Background: Four randomized trials have evaluated the impact of supplemental perioperative oxygen on the incidence of surgical site infections (SSIs), with mixed results. The objectives of this meta-analysis were: (1) To evaluate further the effect of supplemental perioperative oxygen on SSIs after colorectal surgery; and (2) to generate a strategy for future studies to determine definitively the value of this intervention.

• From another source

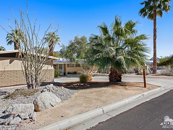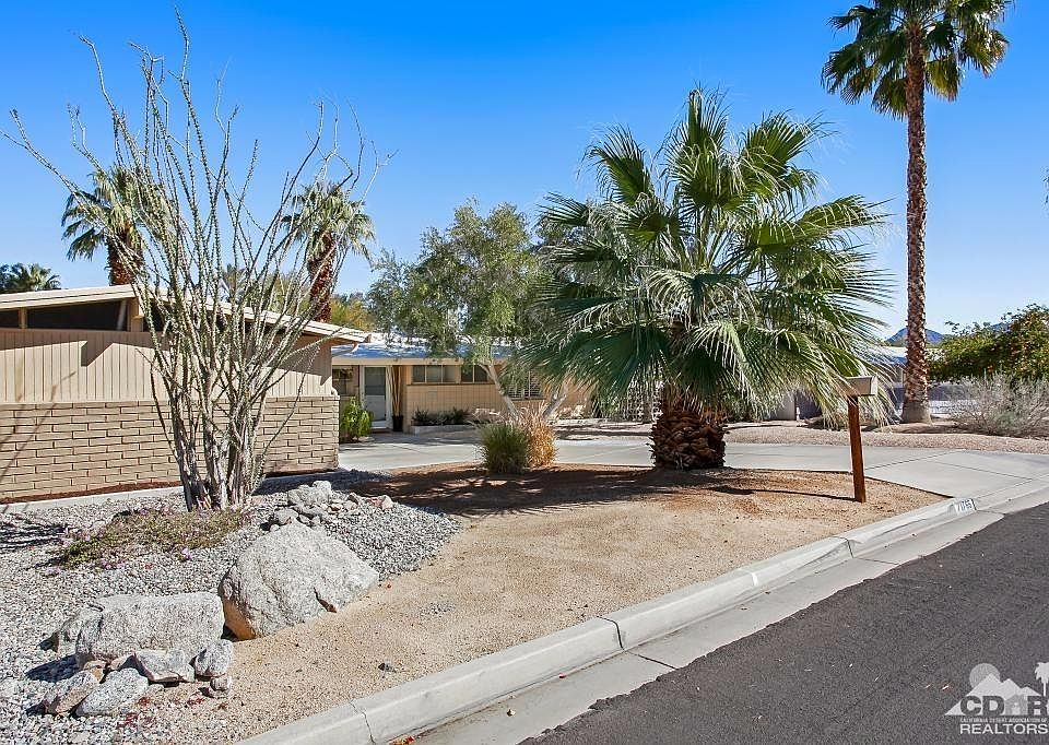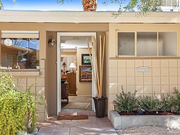 NEWLY LISTED! This Charmingly elegant Mid Century 2 or 3 bedroom/convertable den, has been completely redone, with many upgrades, tasteful designer touches, it also has incredible mountain views, appealing to the most sophisticated buyer. The artist studio, or multi purpose room, adds a surprise element to the home. The Great room and bedrooms boast high beamed ceilings, plantation shutters, also there is a centrally located fireplace, and ample wall space for the art lover. A new A/C, sinks, toilets, refrigerator, granite counters, and stainless accents all add to the recent upgrades. The newly added entertaining terrace off the kitchen and the drought tolerant landscaping lend to the properties ambience. There is an outdoor shower to enjoy for those balmy summer days as well. Also the location is one of the best in the Desert, within walking distance to shopping, restaurants, and theaters. A true Desert Jewel!

Methods: We conducted a MEDLINE search to identify randomized trials of supplemental perioperative oxygen with a primary endpoint of SSI. Fixed-effects and random-effects models were employed, and the null association was tested for each. Tests also were performed for heterogeneity and publication bias.
Results: Four studies were identified that satisfied the search criteria. The total number of patients was 943, of whom 477 received supplemental oxygen and 466 served as controls. The pooled risk ratio (RR) for SSI favored the patients who received supplemental oxygen (RR = 0.68; 95% confidence interval [CI] 0.49, 0.94), but this difference was not maintained with a random-effects model (RR = 0.73; 95% CI 0.42, 1.28; p = 0.27). Heterogeneity was present among the studies. There was no evidence of publication bias.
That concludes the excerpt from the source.